H1: BDA management capability will have a positive impact on financial performance
Big data requires innovative technologies to effectively manage its volume, diversity, and velocity, enabling the extraction of valuable and accurate insights (Gupta and George, 2016) Notably, relational database management systems (RDBMS) hold approximately 80% of their data in an unstructured format.
Enterprises are increasingly moving away from traditional RDBMS for data storage and analysis, opting instead for advanced technologies like Hadoop, which facilitates distributed storage and concurrent processing of unstructured files Additionally, Not Only SQL (NoSQL) databases have emerged as a popular solution for efficiently storing and retrieving non-relational unstructured data.
BDATEC highlights the adaptability of the BDA platform, emphasizing its connectivity of cross-functional data, compatibility with various platforms, and modularity in model building These features empower data scientists to swiftly develop, deploy, and manage a bank's resources The three key themes of BDATEC—connectivity, compatibility, and modularity—are essential for addressing fluctuating business conditions, such as shifts in competition, market dynamics, and consumer behavior Aligning resources with both long-term and short-term business strategies, including new product development and diversification, is crucial for success in this evolving landscape.

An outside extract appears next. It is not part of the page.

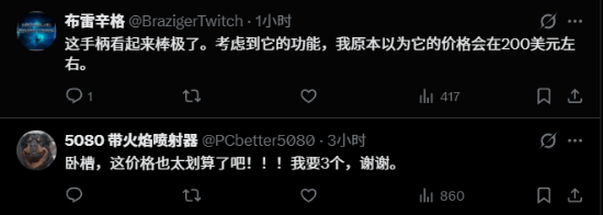 但也有玩家持相反看法,认为其性价比突出:“看起来是个很强的手柄,我原以为会接近200美元。”“这价格太值了,我能买三个!”

A flexible BDATEC enables banks to efficiently source and connect diverse data points from remote, branch, and mobile offices, facilitating the creation of compatible data-sharing channels across various functions The adaptability of a bank's Big Data Architecture (BDA) relies on two key components: the first being the connectivity among different business units to source and analyze a wide range of data from various functions, such as supply chain management and customer relationship management.
H2: BDA technology capability will have a positive impact on financial performance
BDATLC denotes the proficiency of analytics professionals in executing tasks within a big data environment This expertise, along with various other forms of knowledge, is categorized as capabilities, which can foster or maintain a competitive edge in the industry (Constantiou and Kallinikos).
The study emphasizes that analysts must possess four crucial skill sets: technical knowledge, technology management knowledge, business knowledge, and relational knowledge Technical knowledge encompasses expertise in operational systems, statistics, programming languages, and database management systems Technology management knowledge involves proficiency in visualization tools and techniques for effective management and deployment Business knowledge is essential for understanding both short-term and long-term organizational goals, while relational knowledge focuses on fostering cross-functional collaboration through effective information sharing.
To thrive in a data-driven world, new skills and management styles are essential (McAfee et al., 2012) Waller and Fawcett (2013) emphasize that Big Data Analytics (BDA) necessitates a diverse skill set, including statistics, forecasting, optimization, applied probability, and financial acumen Additionally, previous research highlights the importance of both technical and management skills as critical human resource qualities in the IT industry (Bharadwaj, 2000; Chae et al.).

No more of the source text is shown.